Logged in as: guest Log in

Announcements

[Lecture Zoom Link] [Office Hours Zoom Link]

  • Final Corrections: The penalty value for an INDEL on Problem #1 should be -3.

                                 If the emission probabilities for the HMM given in Problem #7 do not sum to 1.0, you can
                                 assume that the remaining probability is for outputting an underscore "_".

  • May 11:  The final exam can be downloaded from here when it is available. You must be logged in to your Comp 555 account to access your personalized exam. You will have from 8:00am-11:00am to take the exam. Upload your ultimate version before the 11am deadline. You can upload multiple times, only the last one sumbitted will be graded. Please check that the version of the FInal that you submit is, in fact, the one with your answers and not the empty one that you downloaded. I will be online using the Lecture Zoom to answer questions. To ask a question, you should raise your hand in the Zoom and I will assign you to a breakout meeting.
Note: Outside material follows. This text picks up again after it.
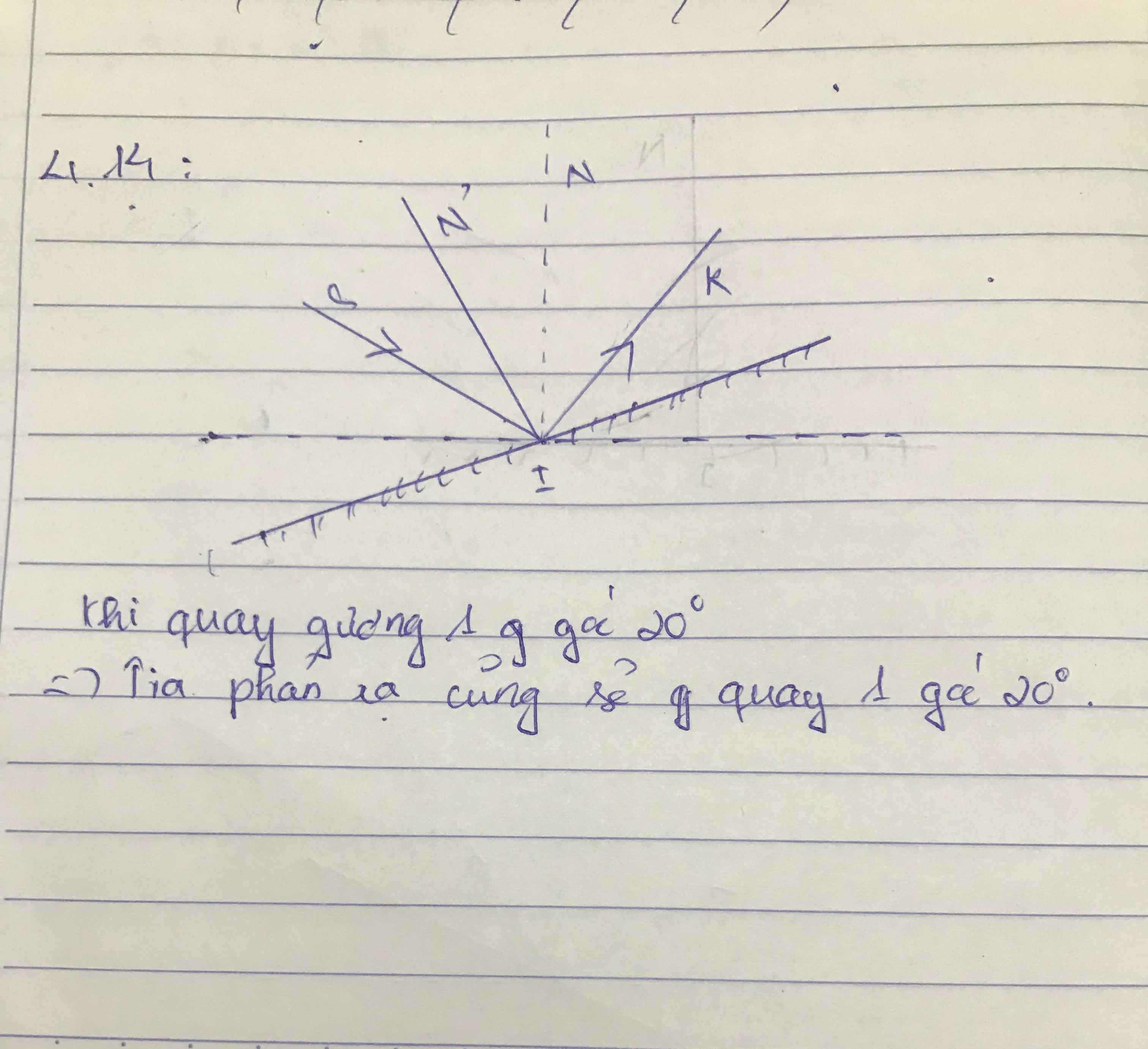 **Đáp án Bài 4:** Tia phản xạ quay góc 20°.

  • May 11: Problem Set #6 is now graded.
  • May 4: I will hold a Final study session on May 6 from 9:30-11:00am. We will meet using the Lecture Zoom Link above. 
  • April 29: The last part of Problem 5 in PS6 is poorly worded. Rather than:

"Find the approximation ratio for the improvedBreakpointReversalSort() algorithm over all permuations of length 10 and an example permutation that achieves it."

        it should read

"Find the approximation ratio for the improvedBreakpointReversalSort() algorithm over all permuations of length 10 and an example permutation where improvedBreakpointReversalSort() achieves the optimal number of reversals."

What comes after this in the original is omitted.